Recently, heat and mass distributions within a greenhouse were assumed to be homogeneous. Heat is gained or lost in absolute terms, and crop contribution in a greenhouse or its effect is not considered. In this study, statistical analyses were conducted to establish the significance of heat and mass variation at sensor nodes in two single-span and multi-span greenhouses. Three greenhouses were used in this study, 168 m 2 floor area a single-layered (SLG), double-layered (DLG) single-span gothic roof type greenhouses, and 7572.6 m 2 floor area multi-span greenhouse (MSG). The microclimatic parameters investigated were temperature (T), relative humidity (RH), solar radiation (SR), carbon dioxide (CO 2 ), and vapor pressure deficit (VPD).
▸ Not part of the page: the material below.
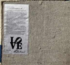 Robert Indiana LOVE Edizione limitata numerata e firmata a retro Tecnica: tappeto intrecciato a mano Dimensioni: cm 40x40 Davvero bello e rappresentativo del maestro Robert Indiana Spedizione tracciata con corriere Disponibili litografie di Renato Guttuso, De Kooning, Antoni Tapies, Escher, Sebastiao Salgado, Marc Chagall, Salvador Dali, Christo, Pablo Picasso, Mario Schifano …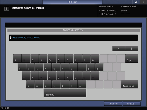 explicación adicionalSi no desea cambiar el nombre de archivo, pulse Aceptar sin introducir otros caracteres.

To check their horizontal distribution, all microclimate data collected from each sensor node in each greenhouse were subjected to descriptive statistics and Tukey honestly significant difference (HSD) test. The lowest minimum temperatures of 2.93 °C, 3.33 °C and 10.50 °C were recorded at sensor points in SLG, DLG, and MSG, respectively, whereas the highest maximum temperatures of 29.17 °C, 29.07 °C and 27.20 °C were recorded at sensor point, in SLG, DLG, and MSG, respectively. The difference between the center and the side into the single-span was approximately 0.88–1.0 °C and in the MSG was approximately 1.03 °C. Significant variation was observed in the horizontal distribution of T, RH, SR, and VPD within SLG, DLG, and MSG. Also significant was CO 2 in the MSG. Estimating the energy demand of greenhouses should be done based on the distribution rather than assuming microclimatic parameters homogeneity, especially for T, with VPD as a control parameter. Such estimation should also be done using a crop model that considers instant changes in air and crop temperature.

Suggested Citation

  • Qazeem Opeyemi Ogunlowo & Timothy Denen Akpenpuun & Wook-Ho Na & Anis Rabiu & Misbaudeen Aderemi Adesanya & Kwame Sasu Addae & Hyeon-Tae Kim & Hyun-Woo Lee, 2021. "Analysis of Heat and Mass Distribution in a Single- and Multi-Span Greenhouse Microclimate," Agriculture, MDPI, vol. 11(9), pages 1-24, September.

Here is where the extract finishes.